EDITORIAL - Vigilant support
After a falling-out, Total Information Management has decided to push through with its partnership with the Barbados-registered Dutch-Venezuelan company Smartmatic for the automation of the general elections next year. If reports are accurate, the two companies continue to bicker over financing, profit-sharing and control of the operations, even if the Constitution limits foreign partners to 40 percent of everything. Suspicions also persist about unseen hands that are supposedly manipulating the deal.
But the settlement of the misunderstanding between the two companies, on pain of being prosecuted by the government for breach of contract, raises hopes that the country will not have to make do once again with manual voting in May 2010. Few Filipinos believe that automation will end poll fraud completely. But the expectation is that automation will make cheating harder. Simply cutting the wait for results in the national races from three weeks to three days would be a dramatic step forward. It would mean a drastic reduction in the period for vote-padding and snatching ballot boxes and other forms of vote tampering.

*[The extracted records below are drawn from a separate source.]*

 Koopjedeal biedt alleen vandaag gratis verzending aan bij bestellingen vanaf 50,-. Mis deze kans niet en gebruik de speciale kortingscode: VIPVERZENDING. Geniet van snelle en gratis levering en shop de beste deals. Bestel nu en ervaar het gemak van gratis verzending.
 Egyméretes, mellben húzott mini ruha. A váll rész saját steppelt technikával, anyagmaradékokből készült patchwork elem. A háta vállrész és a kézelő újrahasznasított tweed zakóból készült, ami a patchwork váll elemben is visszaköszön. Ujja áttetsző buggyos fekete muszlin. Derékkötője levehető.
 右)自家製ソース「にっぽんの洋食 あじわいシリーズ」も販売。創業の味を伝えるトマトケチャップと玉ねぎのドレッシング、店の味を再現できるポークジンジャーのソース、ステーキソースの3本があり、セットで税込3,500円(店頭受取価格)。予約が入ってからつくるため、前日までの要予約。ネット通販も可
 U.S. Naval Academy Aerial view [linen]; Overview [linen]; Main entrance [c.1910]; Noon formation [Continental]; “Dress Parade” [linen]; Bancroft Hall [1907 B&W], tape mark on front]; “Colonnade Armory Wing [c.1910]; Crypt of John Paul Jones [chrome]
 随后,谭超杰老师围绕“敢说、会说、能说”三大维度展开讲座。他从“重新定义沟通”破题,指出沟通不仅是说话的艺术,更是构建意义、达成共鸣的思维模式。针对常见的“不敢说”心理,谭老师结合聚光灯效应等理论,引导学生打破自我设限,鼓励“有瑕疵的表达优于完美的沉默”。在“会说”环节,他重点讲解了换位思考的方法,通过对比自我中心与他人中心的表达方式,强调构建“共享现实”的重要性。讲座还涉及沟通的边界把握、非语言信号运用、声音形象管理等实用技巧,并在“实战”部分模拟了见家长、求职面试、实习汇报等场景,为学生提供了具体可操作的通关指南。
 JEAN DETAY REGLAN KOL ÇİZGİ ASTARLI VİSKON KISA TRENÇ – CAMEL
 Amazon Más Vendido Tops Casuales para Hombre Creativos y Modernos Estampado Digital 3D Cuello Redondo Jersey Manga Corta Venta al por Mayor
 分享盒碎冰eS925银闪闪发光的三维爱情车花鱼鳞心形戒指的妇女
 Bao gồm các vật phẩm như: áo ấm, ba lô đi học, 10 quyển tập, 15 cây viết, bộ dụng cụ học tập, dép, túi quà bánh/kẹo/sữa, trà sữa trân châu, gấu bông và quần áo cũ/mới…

Is the automated system fraud-proof? We won’t know until we try. Chairman Jose Melo of the Commission on Elections is appealing to the people to give the new system a chance. Concerned citizens and organizations are aware of the potential problems and can keep a close watch on steps in the automation process where opportunities for cheating can be introduced. The vote counting machines must be closely guarded against tampering, from their arrival in Manila to their distribution and installation nationwide. The Comelec will put the machines through several tests for glitches and possibilities for hacking.
The nation has been employing the same manual election system for several decades and is ready to try something new. Now that the automation process is underway, it deserves to be supported, but with vigilance against anyone who will try to undermine the system. Responsible citizens have a stake in making automation work.